▶ **Task details**:
Without including any images, please transcribe all the lines below exactly.

▶ **Stored data**:
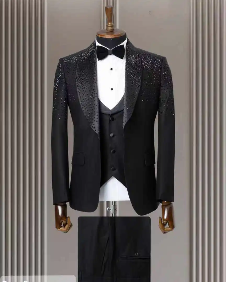Crystals Men Suit Set 2 Piece Blazer+Pants Trousers Luxury Shiny Wedding Tuxedos Formal Office Jacket Prom Coat Customized
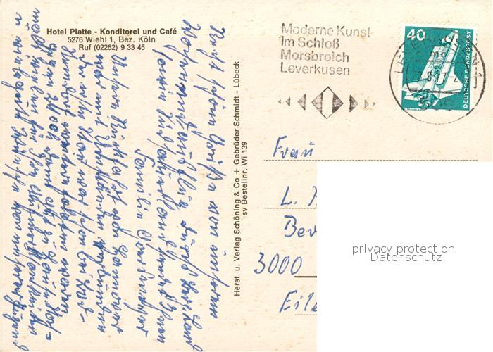 73843587 alte Postkarte Wiehl Oberbergischer Kreis Hotel Cafe Platte Gastraeume postalisch gelaufen Erhaltung siehe scans [WerneD78] KatCode: 11110005374048
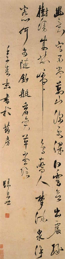 归昌世行书七律诗轴(见图),洒金笺,纵117.3、横30.4厘米,上海博物馆藏。此书为作者四十岁时的作品,书风清雅流美。释文:“幽意写不尽,万山深更深。白云无出处,绿树漫成林。啼鸟醒人梦,流泉净客心。何当随钓艇,看奕草堂阴。壬子春末书于药房。归昌世。”意多含蓄而古拙。字多为方正之长形,大小随形,不作整齐划一安排,虽有法而不循法,变化天然,天真烂漫,毫无轻佻之习,富含洗尽铅华之气,而秀丽之趣溢于意表,赏之心花怒放,悦人之目。用笔方圆兼施,互相包容,方笔方尖峭劲,圆笔灵动,二者并不矛盾,增添了变化之美。用墨枯湿浓淡交替。线条轻盈夸张,使转自然,细细品赏则愈探愈有味,有一种特殊简静之美深蕴其间。第一行的“处”字撇画、第二行的“啼”字竖画,稍显夸张,增添无尽的情趣,恰到好处,甜而不腻。节奏随着行草交替出现而变化,产生了音符跳跃美。如第三行“钓艇”是规规矩矩的行书,“看奕”用行草法则行笔速度明显加快。空间适宜,透气舒服,这与徐渭风樯阵马的风格截然不同。落款分两段,名字与时间地点分开。
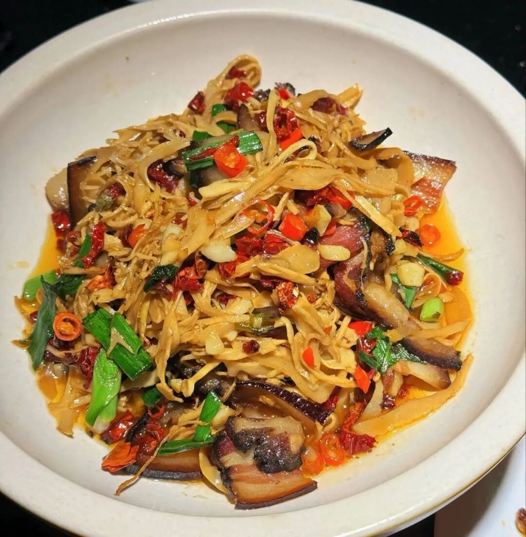 4. 炒香配料: 用锅里的腊肉油,放入姜片和青蒜的白色部分,爆香。然后倒入处理好的烟笋丝,大火翻炒2-3分钟,让烟笋充分吸收油脂的香味。
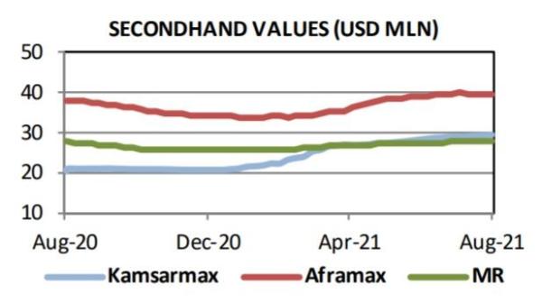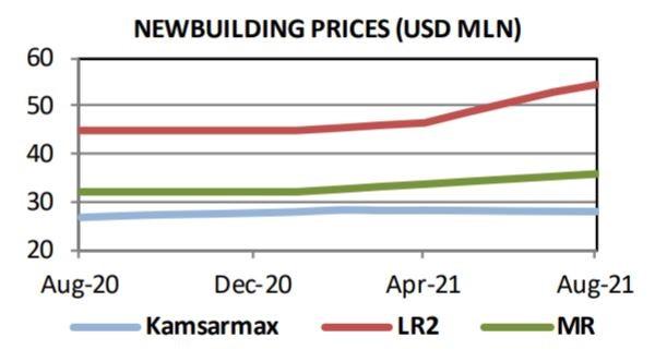 与此同时,在新造船市场,Allied表示,“在夏季假期期间,购买兴趣又回到了干散货新造船市场,因为该领域出现了一系列新订单。”大多数的兴趣集中在Kamsarmax类型,订单中再添6艘新船。运费收益持续上升的势头以及该领域整体的供需前景良好,再次增加了人们对新造船项目的兴趣。但是,新造船建筑价格的上升是投资的潜在障碍,预计这将继续成为一个不利因素。
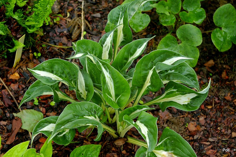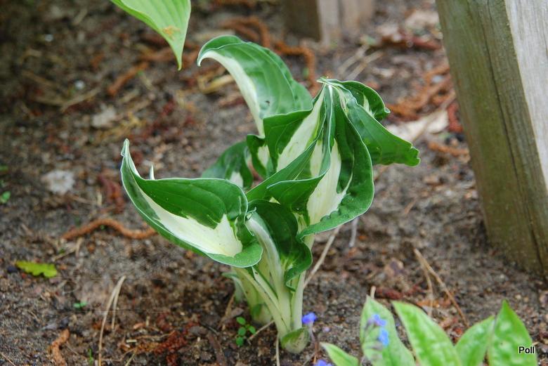 Liście: sercowate, mocno powykręcane, bardzo twarde i sterczące do góry, sprawiają wrażenie plastikowych; białe, nakrapiane na zielono centrum, z ciemnozielonym, szerokim marginesem
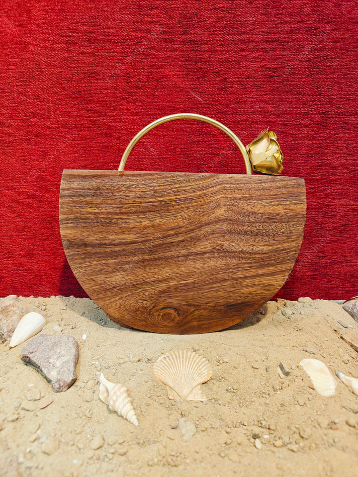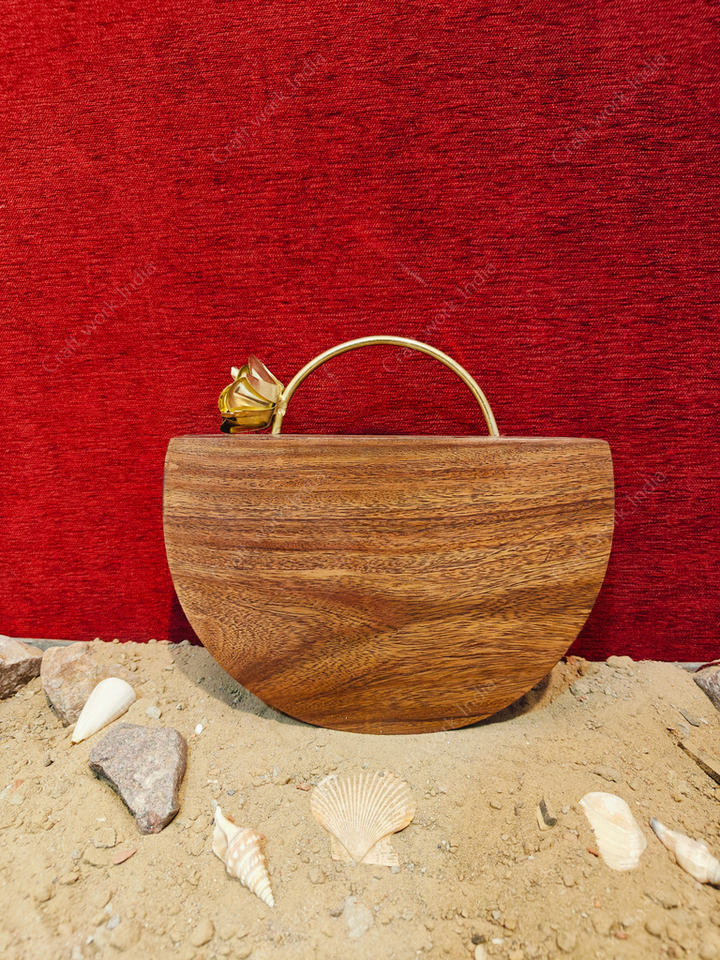 Luxury Wooden Clutch Handbag with Brass Floral Handle Designer Evening Party Wedding Semi Circle Hard Case Bag
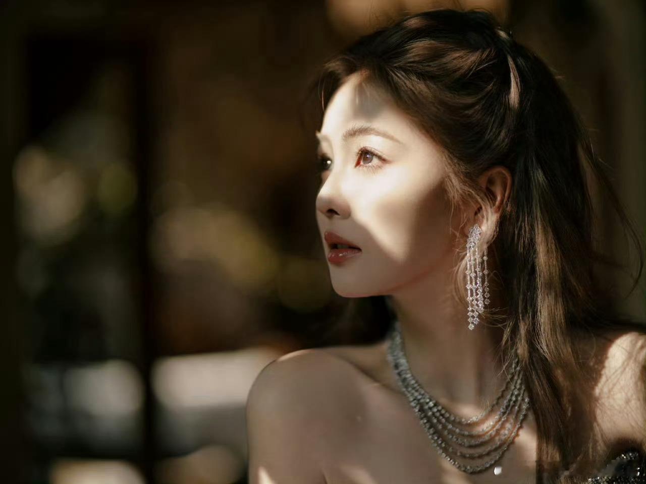 白鹿光之女神,太美了白鹿纯白抹胸高定白鹿美神
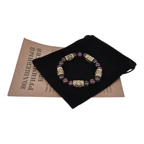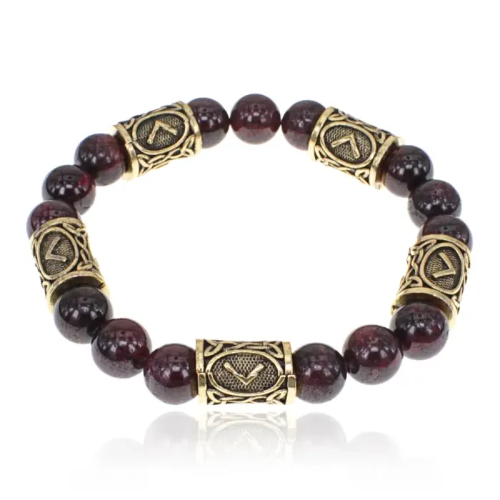 Браслет с рунами под золото Кеназ, с нат. камнем Гранат 10мм BSR2-019
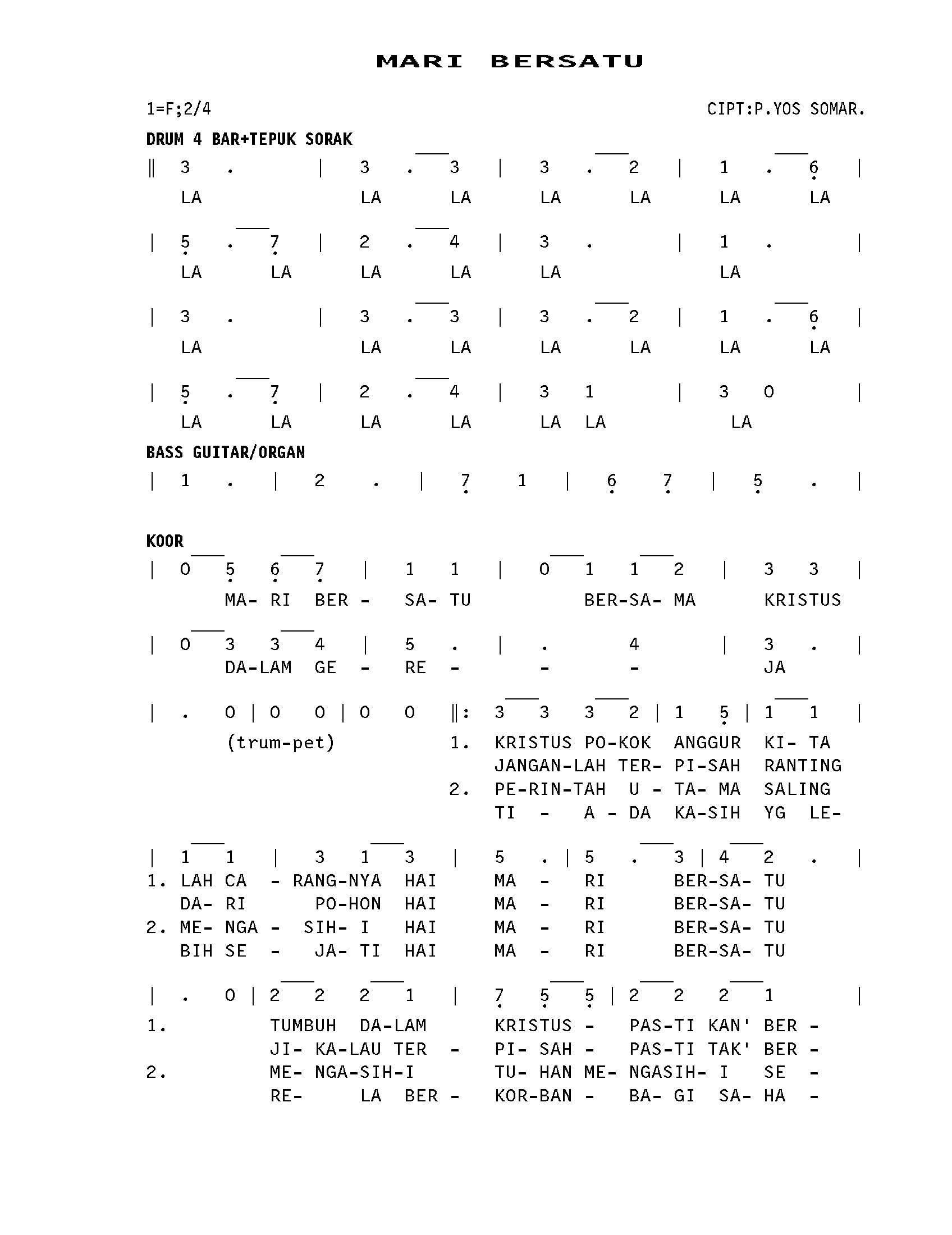 TEKS LAGU. MARI BERSATU. GATHER 1. HAL. 238
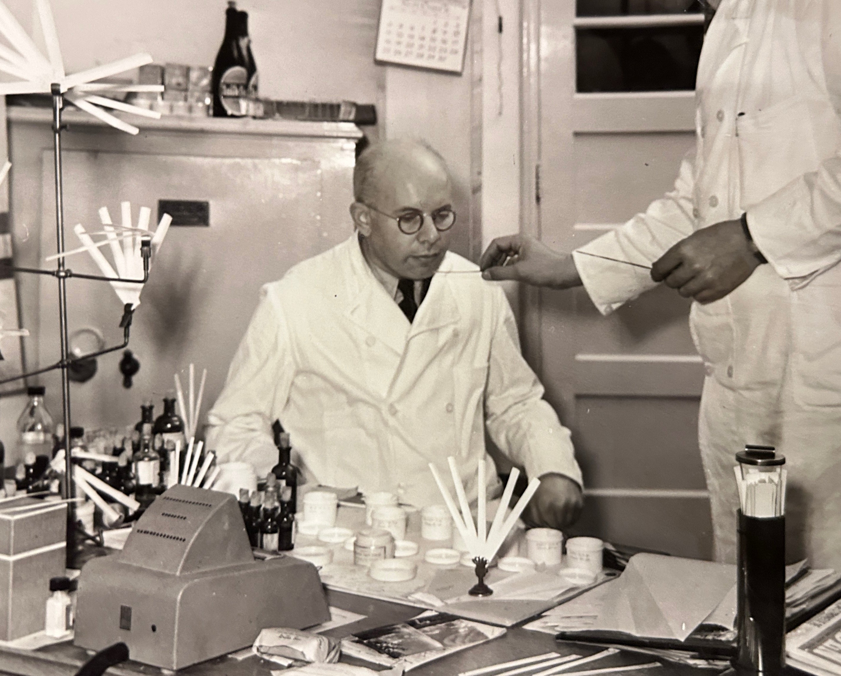 Piet Kos (1904–1971) at 13 began working in a perfumery factory. By 1927, he had taught himself the art of perfumery while working for Chemische Fabriek Naarden, which later became part of Givaudan. Known for his dedication and talent, he won numerous industry awards. During World War II, he was active in the resistance, risking his life to distribute food and false identities. Despite retiring, he continued consulting for the company until his death in 1971. Piet never married but left a lasting legacy in perfumery.
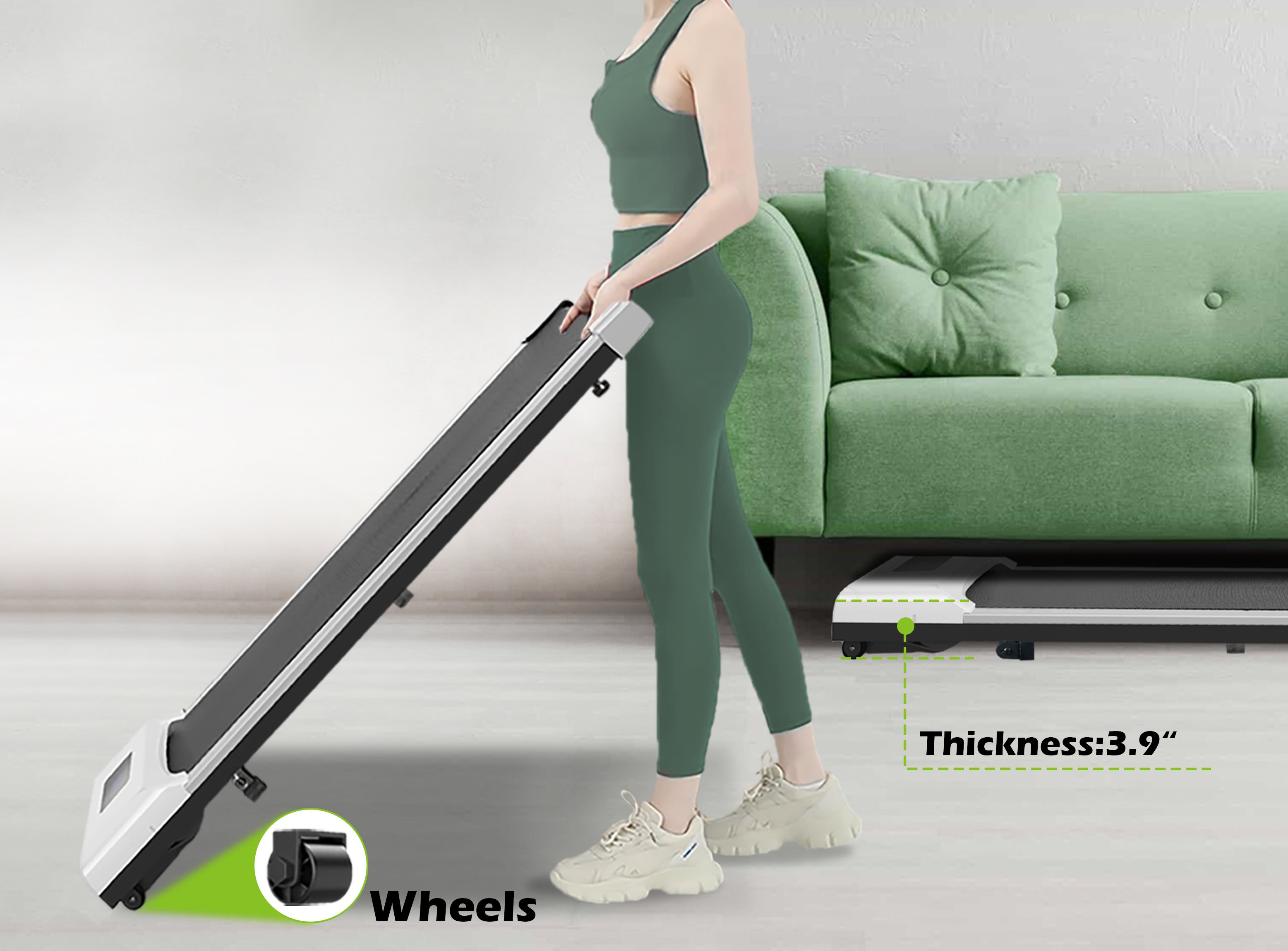 Our compact treadmill is only 3.9 inches thin, 46.5 pounds lightweight. It is easy to move and store under your desks, sofas, couches, beds, and small spaces. We are making it ideal for office, apartment, home small and busy lifestyles.
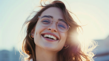 a young woman smiling while wearing glasses, in the style of joyful and optimistic, light-filled scenes
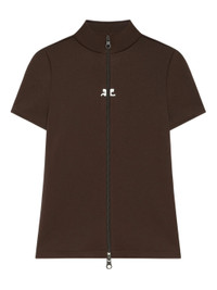 chocolate brown front zip closure logo detailing high collar short sleeves - Color: BROWN - Made in: Italy - Designer Style ID: 325JTO446JS 0250 1983 Composition and care Outer Composition Polyester: 100.0%

▶ **Expected output**:
Crystals Men Suit Set 2 Piece Blazer+Pants Trousers Luxury Shiny Wedding Tuxedos Formal Office Jacket Prom Coat Customized
 73843587 alte Postkarte Wiehl Oberbergischer Kreis Hotel Cafe Platte Gastraeume postalisch gelaufen Erhaltung siehe scans [WerneD78] KatCode: 11110005374048
 归昌世行书七律诗轴(见图),洒金笺,纵117.3、横30.4厘米,上海博物馆藏。此书为作者四十岁时的作品,书风清雅流美。释文:“幽意写不尽,万山深更深。白云无出处,绿树漫成林。啼鸟醒人梦,流泉净客心。何当随钓艇,看奕草堂阴。壬子春末书于药房。归昌世。”意多含蓄而古拙。字多为方正之长形,大小随形,不作整齐划一安排,虽有法而不循法,变化天然,天真烂漫,毫无轻佻之习,富含洗尽铅华之气,而秀丽之趣溢于意表,赏之心花怒放,悦人之目。用笔方圆兼施,互相包容,方笔方尖峭劲,圆笔灵动,二者并不矛盾,增添了变化之美。用墨枯湿浓淡交替。线条轻盈夸张,使转自然,细细品赏则愈探愈有味,有一种特殊简静之美深蕴其间。第一行的“处”字撇画、第二行的“啼”字竖画,稍显夸张,增添无尽的情趣,恰到好处,甜而不腻。节奏随着行草交替出现而变化,产生了音符跳跃美。如第三行“钓艇”是规规矩矩的行书,“看奕”用行草法则行笔速度明显加快。空间适宜,透气舒服,这与徐渭风樯阵马的风格截然不同。落款分两段,名字与时间地点分开。
 4. 炒香配料: 用锅里的腊肉油,放入姜片和青蒜的白色部分,爆香。然后倒入处理好的烟笋丝,大火翻炒2-3分钟,让烟笋充分吸收油脂的香味。
 与此同时,在新造船市场,Allied表示,“在夏季假期期间,购买兴趣又回到了干散货新造船市场,因为该领域出现了一系列新订单。”大多数的兴趣集中在Kamsarmax类型,订单中再添6艘新船。运费收益持续上升的势头以及该领域整体的供需前景良好,再次增加了人们对新造船项目的兴趣。但是,新造船建筑价格的上升是投资的潜在障碍,预计这将继续成为一个不利因素。
 Liście: sercowate, mocno powykręcane, bardzo twarde i sterczące do góry, sprawiają wrażenie plastikowych; białe, nakrapiane na zielono centrum, z ciemnozielonym, szerokim marginesem
 Luxury Wooden Clutch Handbag with Brass Floral Handle Designer Evening Party Wedding Semi Circle Hard Case Bag
 白鹿光之女神,太美了白鹿纯白抹胸高定白鹿美神
 Браслет с рунами под золото Кеназ, с нат. камнем Гранат 10мм BSR2-019
 TEKS LAGU. MARI BERSATU. GATHER 1. HAL. 238
 Piet Kos (1904–1971) at 13 began working in a perfumery factory. By 1927, he had taught himself the art of perfumery while working for Chemische Fabriek Naarden, which later became part of Givaudan. Known for his dedication and talent, he won numerous industry awards. During World War II, he was active in the resistance, risking his life to distribute food and false identities. Despite retiring, he continued consulting for the company until his death in 1971. Piet never married but left a lasting legacy in perfumery.
 Our compact treadmill is only 3.9 inches thin, 46.5 pounds lightweight. It is easy to move and store under your desks, sofas, couches, beds, and small spaces. We are making it ideal for office, apartment, home small and busy lifestyles.
 a young woman smiling while wearing glasses, in the style of joyful and optimistic, light-filled scenes
 chocolate brown front zip closure logo detailing high collar short sleeves - Color: BROWN - Made in: Italy - Designer Style ID: 325JTO446JS 0250 1983 Composition and care Outer Composition Polyester: 100.0%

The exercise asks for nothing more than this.